═════ Dataset excerpt
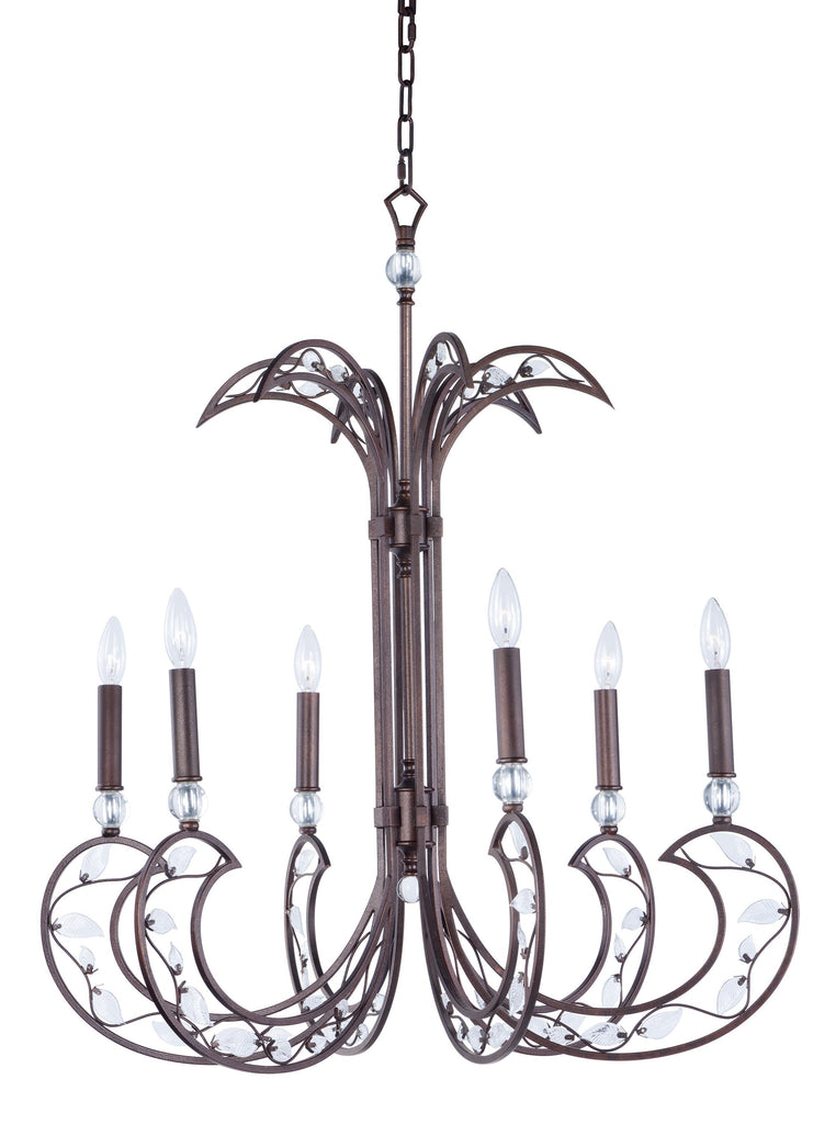 This collection features arms of petite square tubing formed in a unique shape that frames a graceful vine of metal and glass leaves. Finished in our rich Russet that contrasts beautifully with the Clear glass accents. Excellent craftsmanship and attention to detail make this collection a proud addition to any home
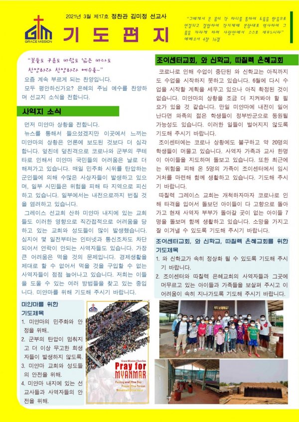 태국(미얀마) 정찬관, 김미정 선교사 선교편지(3월)
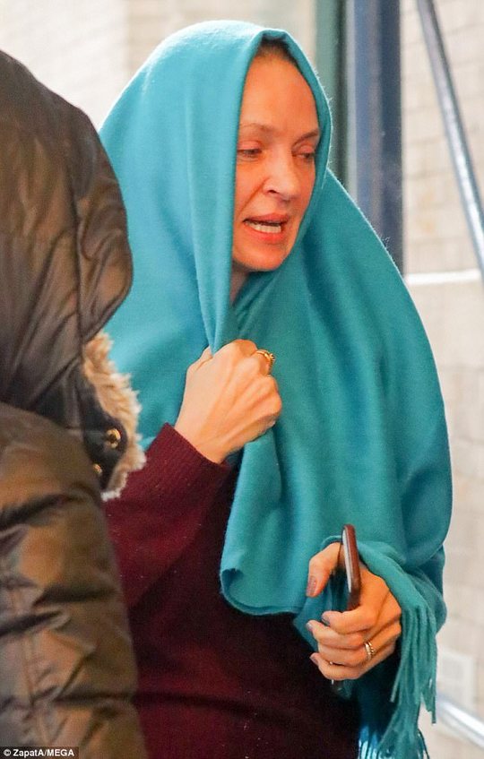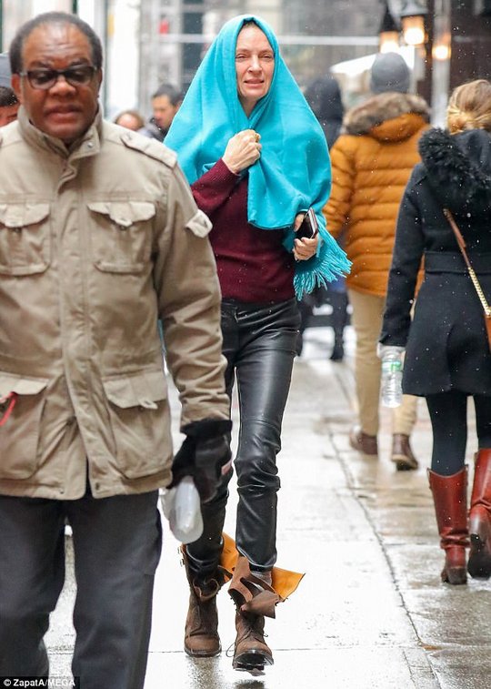 Судя по всему, знаменитая 47-летняя актриса направлялась по делам, когда ее неожиданно застал дождь. Пытаясь защититься от дождя Ума завернулась в ярко-синий шарф, превратив его в своеобразное пончо от дождя. Для своей прогулки она выбрала черные кожаные брюки и бордовый верх, дополнив их расстёгнутыми сапогами. Знаменитость была полностью без макияжа и сжимала в своих руках телефон, когда пробиралась по улицам сквозь толпу. В женщине с трудом можно было узнать секс-символ Голливуда, который многие годы будоражит воображение мужчин всего мира.
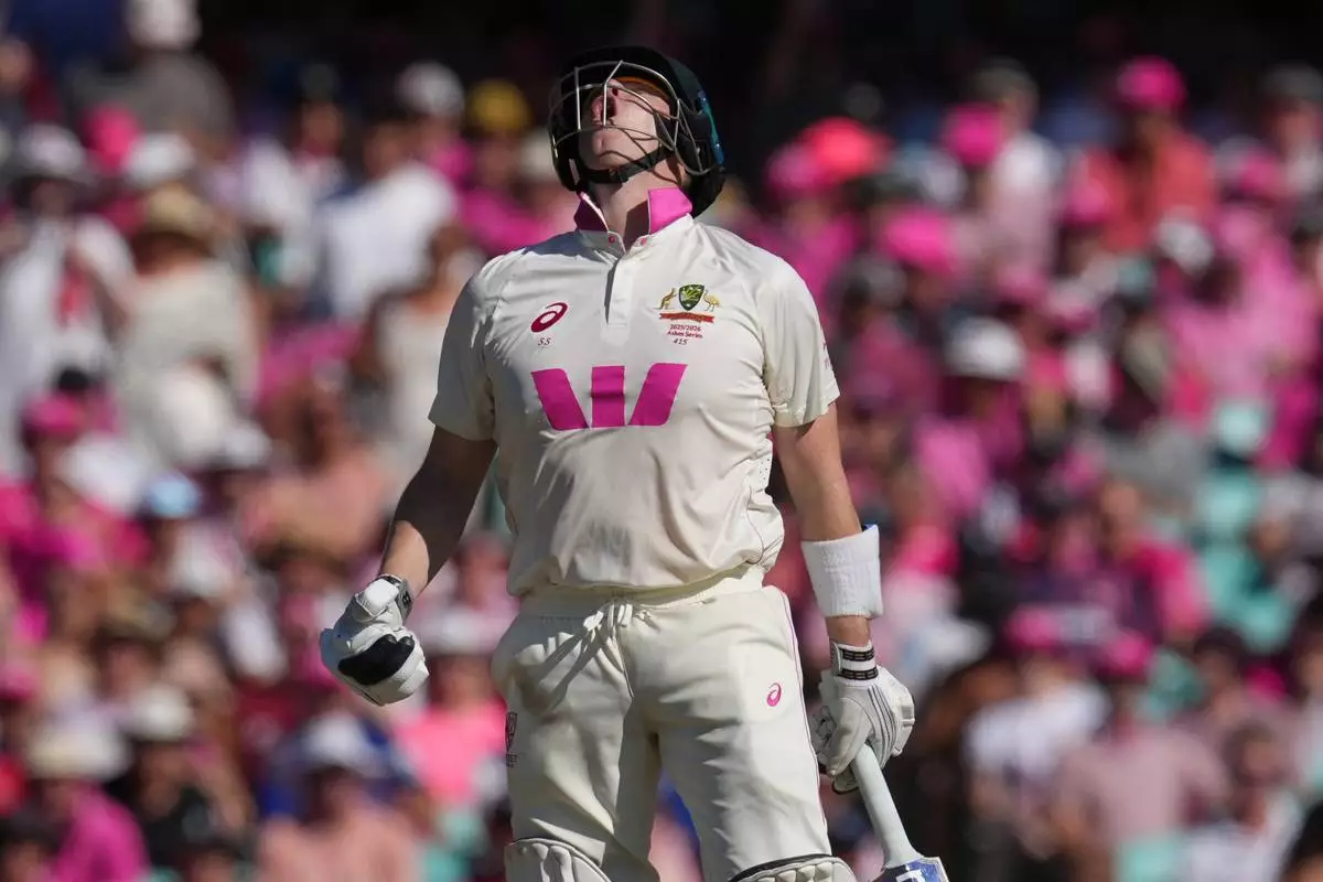 Australia's Steve Smith reacts during play on day three of the fifth and final Ashes cricket test between England and Australia in Sydney, Tuesday, Jan. 6, 2026. (AP Photo/Mark Baker)
══════════
> **Problem to work on**:
Give back, exactly as written, the lines from the top of the material above to the line containing "태국(미얀마) 정찬관, 김미정 선교사 선교편지(3월)", both included; skip every picture.

> **Task solution**:
 This collection features arms of petite square tubing formed in a unique shape that frames a graceful vine of metal and glass leaves. Finished in our rich Russet that contrasts beautifully with the Clear glass accents. Excellent craftsmanship and attention to detail make this collection a proud addition to any home
 태국(미얀마) 정찬관, 김미정 선교사 선교편지(3월)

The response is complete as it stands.